Церковь стояла боком к дороге и к дереву, где был Уэсли, и из окна Розакок могла видеть все, что происходит на площадке. Лендон не прошел по ней и десяти шагов, как появился грузовик, чуть забуксовав на колеях, которые оставил Уэсли, и ведя за собой двенадцать машин, и каждая следующая была еще белее от пыли, чем та, что шла впереди, и все они были набиты битком. Машины разгружались по порядку: первыми вышли две жен-шины, мать Милдред, Мэри, и сестра Милдред, Эстелла, которая осталась жить дома, хотя все семейство разлетелось кто куда, а осталась она из-за слабого здоровья, оно у нее пошатнулось с того вечера, как Мэнсон Харгров на танцах выстрелил ей прямо в грудь из обоих стволов ружья. (Она все-таки выжила: стрелять в грудь Эстеллы - все равно что стрелять в пуховую перину.) Потом появилась куча мальчишек - почти у всех приехавших были мальчишки. Их взяли, чтобы переносить цветы, но едва они высыпали из машины, как рванули к Уэсли и окружили его тесным кольцом, уставившись на мотоцикл, как на колесницу божью, умеющую летать по воздуху. Но Уэсли перестал копаться в моторе, как только привезли Милдред. Раза два он ответил мальчишкам, которые забросали его вопросами:

- А какое в нем горючее?

- Уголь, - сказал Уэсли, кивком поздоровался с Мэри, замолчал и прислонился к дереву.

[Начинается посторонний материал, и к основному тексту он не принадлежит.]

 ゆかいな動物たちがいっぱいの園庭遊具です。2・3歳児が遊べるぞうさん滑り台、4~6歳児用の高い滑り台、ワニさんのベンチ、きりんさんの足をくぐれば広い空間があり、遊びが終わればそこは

- Ребята, идите берите цветы, - позвал кто-то.

Мальчишки побежали к грузовику, взяли венки и понесли их к церкви; один шел впереди с венком из роз вокруг шеи, как лошадь, которая победила на скачках и умеет улыбаться.

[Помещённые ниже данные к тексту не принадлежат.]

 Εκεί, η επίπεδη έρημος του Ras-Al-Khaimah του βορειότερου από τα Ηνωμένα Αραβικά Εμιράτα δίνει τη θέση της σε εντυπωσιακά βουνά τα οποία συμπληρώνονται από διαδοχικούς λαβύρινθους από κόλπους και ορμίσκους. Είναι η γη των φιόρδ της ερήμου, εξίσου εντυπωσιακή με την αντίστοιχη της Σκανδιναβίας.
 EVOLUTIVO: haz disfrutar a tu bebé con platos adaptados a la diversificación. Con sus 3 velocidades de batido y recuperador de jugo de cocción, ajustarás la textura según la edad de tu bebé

Мэри и Эстелла стояли у грузовика и смотрели вверх, а мальчишка на стуле уперся взглядом и ногами в деревянный гроб, словно этот гроб его собственность и он никому не собирается его отдавать. Потом молча подошли другие женщины. Одна из них, тетка Мэнни Мэйфилд, которая, чтоб попасть на похороны, прошла пешком четыре мили, но была так стара, что не узнавала здесь ни одной души, обняла Мэри и что-то ей сказала, наверное, что уже пора, и они стали подниматься по ступенькам - две девчонки еле волокли тетку Мэнни, которая могла пройти любое расстояние, но только не "в гору", и, должно быть, следующая очередь будет ее. А мужчины стояли возле грузовика, и, когда цветы унесли, мальчишка на стуле нагнулся и подпихнул деревянный гроб к самому краю, а Сэмми и трое других взяли его на плечи (только чтобы все видели, что они несут гроб, - с ним и двое легко управились бы). Они немного постояли, прилаживаясь к своей ноше. Кто-то тоненько и отчетливо хихикнул. Священник повернул к церкви, и все мужчины зашагали вслед за ним.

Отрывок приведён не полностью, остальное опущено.